▸ **What you will do**: Although pictures appear in the data, the answer should contain only the lines from its start through the line with "Шуруп потайной для", written out exactly.
━━ Extracted entries ━━
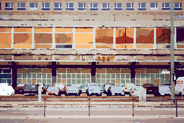 Auch dies ist ein mit einer ähnlichen Technik verfremdetes Bild eines Ortes in der Nähe, hier allerdings wurden die Farben hervorgehoben, herausgehoben. Ein Art Farbextraktion zur weiteren Verarbeitung.
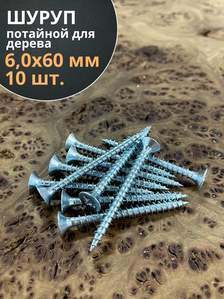 Шуруп потайной для дерева Б 6,0х60 БЦ, 10 шт.
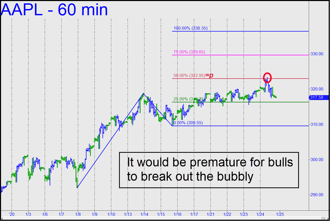 I would caution bulls against breaking out the bubbly merely because this gas-bag finally exceeded my 319.92 target after ten days of trying. In the first place, I’d stipulated that AAPL must close above that Hidden Pivot resistance for two consecutive days before we regard the 336.35 target as an odds-on bet. For two, Friday’s stall and $6 relapse began almost precisely at the 323.95 midpoint Hidden Pivot shown. That’s the most likely place for a trend failure to occur, and so the yellow flag is out, tempering our expectations of a surefire move to 336.35. The pattern can still be used to trade the stock either bullishly or bearishly, but please note that AAPL would NOT become a mechanical buy on a pullback to x=316.25 because the C-D rally died well short of our sweet spot for this type of trade. _______ UPDATE (Jan 27, 9:42 p.m.): I’m tracking 20 June 250 puts @ 3.05 for a subscriber who used my 319.92 target to get short. I’ve recommended shorting 20 June 245 puts against them for $3.55, but you can go as low as 3.35, where they topped on Monday, if you please.
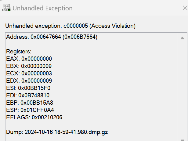 | Summary | 0000513: Error: Unhandled exception: c0000005 (Access Violation) Address: 0x00647664 (0x006B7664) - Game crashes alot. | ||||
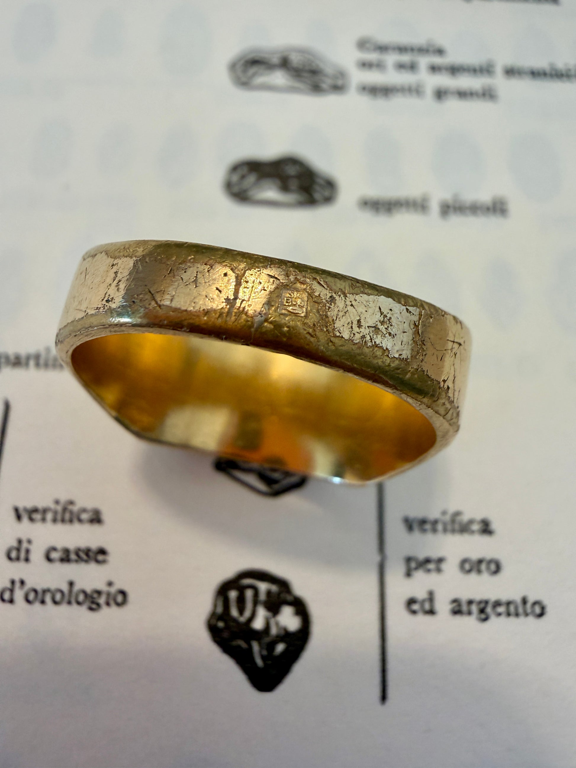 C’è un tipo di oggetto che non si limita a esistere: racconta. Questo anello è un chevalière francese degli anni ’50, pensato per dire chi sei prima ancora che tu apra bocca. Negli anni del dopoguerra le chevalières tornarono di moda tra gli uomini che volevano riaffermare radici, dignità e identità. Non erano semplici anelli: erano sigilli. Piccoli stemmi familiari, simboli di mestiere, iniziali che raccontavano una storia intima e allo stesso tempo pubblica. La placca frontale, incisa a pantografo con le iniziali J G, non era solo una decorazione: era una firma discreta. Jean la sfiorava spesso con il pollice quando rifletteva, un gesto abituale per chi vive immerso nelle parole degli altri e deve, ogni giorno, trovare equilibrio e giudizio. I motivi a raggiera ai lati dell’anello, tipici dei modelli popolari francesi degli anni ’50, evocano una forza silenziosa: come raggi di luce che indicano che ogni decisione può aprire una strada. Chi lo indossava era un uomo preciso, riservato, affidabile. Il tipo che prende appunti con una stilografica anche quando potrebbe farne a meno. Il tipo che sistema la giacca prima di parlare. Il tipo che osserva e pensa, molto più di quanto dica. Ma il bello di questo anello è che, pur essendo profondamente personale, non parla solo di lui. Parla di chiunque abbia un carattere simile: di chi ama la calma, la coerenza, l’intelligenza silenziosa. Parla a chi sente di avere un lato antico, solido, discreto — e vuole che si veda, anche solo in un dettaglio. Oggi questo anello non chiede di essere guardato: chiede di essere riconosciuto. Da chi sente di avere, come Jean Giraud, una storia da portare sulla mano.
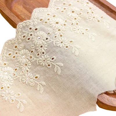 Cotton fabric with lace trim is suitable for making dresses, blouses, or skirts. It is also perfect for creating home decorations, such as curtains, tablecloths, cushions, or other textile accessories. Due to its softness and decorative appearance, it is very popular among sewing enthusiasts and creative crafters.
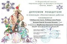 Воспитанники нашего детского сада, стали победителями IIIВсероссийского конкурса творческих работ из бросового материала "Елочка, живи!"- 2016 в номинации "Коллективная работа".
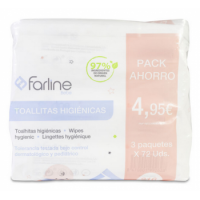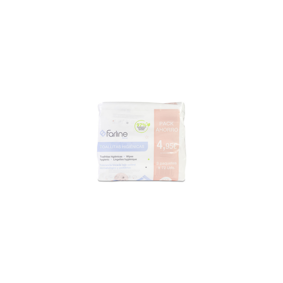 Pack Farline Toallitas Higiénicas Bebé aporta la máxima suavidad mientras limpia de manera delicada a la vez que respeta la piel del bebé.
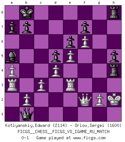 Last move : 0-1 2007 September 19 21:32:0 [Event "FICGS__CHESS__FICGS_VS_IGAME_RU_MATCH"] [Site "FICGS"] [Date "2007.06.27"] [Round "1"] [White "Kotlyanskiy,Edward"] [Black "Orlov,Vladimir"] [Result "0-1"] [WhiteElo "2114"] [BlackElo "1600"] 1.e4 e6 2.d4 d5 3.e5 c5 4.c3 Nc6 5.Nf3 Qb6 6.a3 c4 7.Nbd2 Na5 8.Be2 Bd7 9.O-O Ne7 10.Rb1 Qc7 11.Re1 Nc8 12.Nf1 Nb6 13.Bf4 h6 14.Qc1 O-O-O 15.Bd1 Kb8 16.h4 Ba4 17.Bxa4 Nxa4 18.h5 Be7 19.Bg3 Rdg8 20.Ne3 Nb3 21.Qc2 Nb6 22.Nd2 Na5 23.Ng4 Qd8 24.Qd1 g6 25.Ne3 Rg7 26.Qg4 Bg5 27.f4 gxh5 28.Qxh5 Be7 29.Bf2 Nb3 30.Nxb3 cxb3 31.Re2 Nc4 32.f5 Qg8 33.Rf1 Bd8 34.a4 R8h7 35.f6 Rg6 36.Qf3 Nxe3 37.Rxe3 Ba5 38.Ra1 Rg5 39.Ra3 h5 40.Bh4 Rg4 41.Qf2 Rh8 42.Rxb3 Qg6 43.Kh2 Qb1 44.Ra3 Rxh4+ 0-1 French : Advance, Paulsen attack Kingside Castling by player White (move 9) Queenside Castling by player Black (move 14) Player Black won this chess game. Follow this game move after move (download)Chess is like war on a board. (Bobby Fischer) Zeige mir drei Eröffnungsvarianten und ich beweise dir, dass zwei davon inkorrekt sind. (Emanuel Lasker) Puntos débiles o agujeros en la posición de tu oponente deben de ser ocupados por piezas, no Peones. (Siegbert Tarrasch) Des combinaisons [dans le jeu d'échecs] pareilles à des mélodies. Je crois entendre pour ainsi dire la musique des coups... (Vladimir Nabokov) Luck never gives; it only lends. (Swedish proverb)
━━━
▸ **Result**:
 Auch dies ist ein mit einer ähnlichen Technik verfremdetes Bild eines Ortes in der Nähe, hier allerdings wurden die Farben hervorgehoben, herausgehoben. Ein Art Farbextraktion zur weiteren Verarbeitung.
 Шуруп потайной для дерева Б 6,0х60 БЦ, 10 шт.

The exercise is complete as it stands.